В результате, все это привело к совершенно искажённому учению о Боге Творце как о страстном, антропоморфном существе (сильно напоминающему языческое учение о природе божественного) представлению о Боге, в первую очередь, как о Справедливом Судии, воздающим человеку добром за добро и наказанием за злые поступки! В итоге Бог предстаёт пред нами как некий «самодержец, хан, царь», постоянно держащий в страхе своих подчинённых и требующий от них неукоснительного исполнения его заповедей-предписаний.

В связи с этим, в западном христианстве исказилось и само понимание смысла духовной жизни, понимание учения о спасении, которое стало видеться в удовлетворении человеком желаний Всевышнего Бога (причём, желаний исключительно судебно-юридического характера), а неукоснительное исполнение установленных правил, обрядов и разного рода добрых деяний стало неким гарантом достижения человеком вечного блаженства!

Так, внешние дела человека приобрели в западном христианстве как бы свою особую самодовлеющую ценность, ценность уплаты которой вполне хватало для личного спасения и оправдания перед Богом.

В этом и состоит та основополагающая причина столь ревностных усилий католических миссионеров, которые, не стесняясь в методах, всеми правдами и неправдами старались склонить князя Владимира к выбору в пользу принятия католической веры, при этом не сильно заботясь о том, что творилось в его душе. Кстати, в этом контексте будет вполне уместно сделать предположение о том, что князь Владимир, будучи набожным человеком, т.е. человеком, для которого вопросы веры были не пустыми вопросами, мог заметить это странное сходство католического понимания человеческого спасения с языческим пониманием отношений между человеком и богом (или богами).

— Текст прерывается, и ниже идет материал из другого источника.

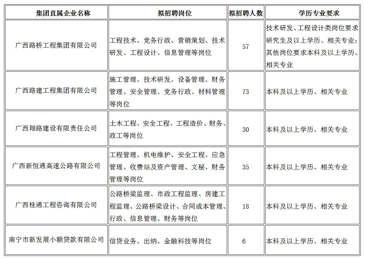 集团公司现有广西路桥工程集团、广西路建工程集团、广西交通设计集团、广西交通科学研究院有限公司、广西翔路建设有限责任公司、广西新恒通高速公路有限公司、广西桂通工程咨询有限公司、南宁市新发展小额贷款有限公司等16家直属企业。
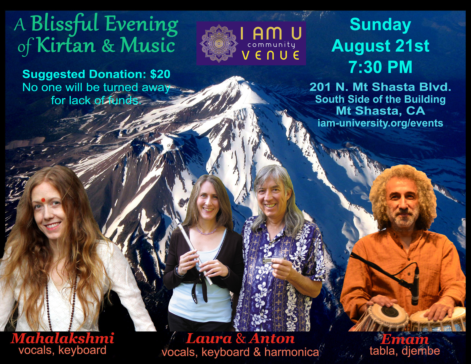 7:00 PM A Blissful evening of Kirtan & Music Rhythm & Mantra Anton (keyboard & harmonica) Laura (vocals) Mahalakshmi (vocals, keyboard) Emam (tabla, dumbak) I AM U Community Venue 201 N. Mount Shasta Blvd, Mt Shasta, CA www.iam-university.org | |

Вполне возможно, что это была ещё одна капля в пользу того, чтобы отвергнуть веру западного христианства.

Ссылки:

1. Проф. В.С.Вертоградов. Православная Церковь в Галиции в древнейший Русский период. Богословские труды. № 30. Издание Московской Патриархии. Москва. 1990 г. С.257.

2. Там же. – С.258.

3. Там же. – С.263.

4. Социальная концепция РПЦ. Основы социальной концепции Русской Православной Церкви. http://www.patriarchia.ru/db/text/141422.html

5. Прот. Лев Лебедев. Крещение Руси. Москва. 2003 г. С. 232.